Description of the task
In the records below, find the line with "- 인화정공 (20,700원" and repeat exactly every line from it through the line with "图:武文斯老师正在给2019". Pictures stay out.

Stored records
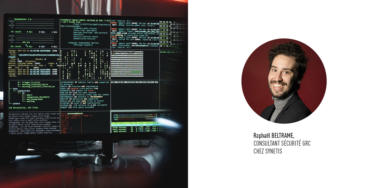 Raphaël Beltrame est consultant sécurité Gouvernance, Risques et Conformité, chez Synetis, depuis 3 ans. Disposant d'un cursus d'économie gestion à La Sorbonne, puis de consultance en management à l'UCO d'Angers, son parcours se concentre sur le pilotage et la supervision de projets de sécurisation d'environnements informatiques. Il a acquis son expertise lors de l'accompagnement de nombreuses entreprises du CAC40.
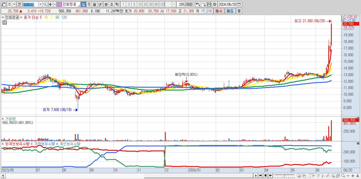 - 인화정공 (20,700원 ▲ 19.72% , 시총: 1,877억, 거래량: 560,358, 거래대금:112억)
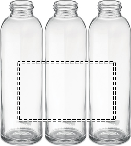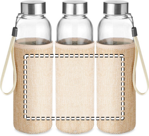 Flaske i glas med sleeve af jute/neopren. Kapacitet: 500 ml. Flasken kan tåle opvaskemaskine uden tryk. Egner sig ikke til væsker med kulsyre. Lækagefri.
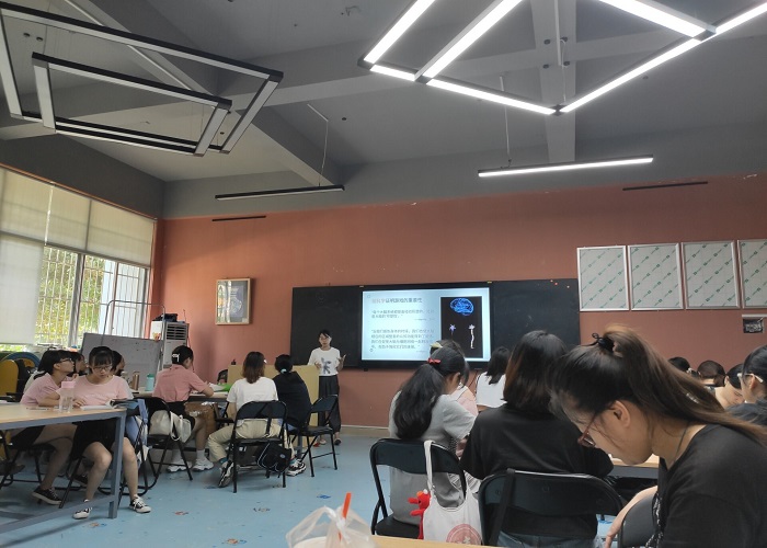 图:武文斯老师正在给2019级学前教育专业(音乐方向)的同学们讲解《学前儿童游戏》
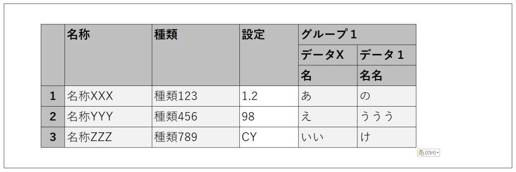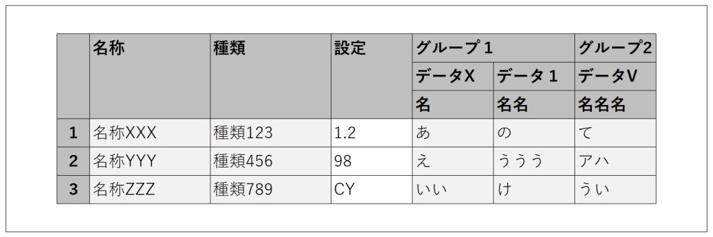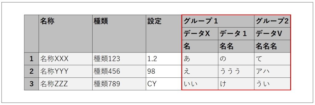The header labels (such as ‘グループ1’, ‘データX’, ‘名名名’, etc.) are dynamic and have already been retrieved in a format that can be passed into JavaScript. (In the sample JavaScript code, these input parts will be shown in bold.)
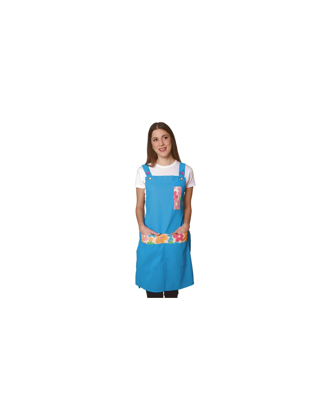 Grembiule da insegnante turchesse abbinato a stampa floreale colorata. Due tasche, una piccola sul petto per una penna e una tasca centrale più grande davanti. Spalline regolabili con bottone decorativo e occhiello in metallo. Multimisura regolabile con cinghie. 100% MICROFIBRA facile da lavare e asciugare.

Answer area
 - 인화정공 (20,700원 ▲ 19.72% , 시총: 1,877억, 거래량: 560,358, 거래대금:112억)
 Flaske i glas med sleeve af jute/neopren. Kapacitet: 500 ml. Flasken kan tåle opvaskemaskine uden tryk. Egner sig ikke til væsker med kulsyre. Lækagefri.
 图:武文斯老师正在给2019级学前教育专业(音乐方向)的同学们讲解《学前儿童游戏》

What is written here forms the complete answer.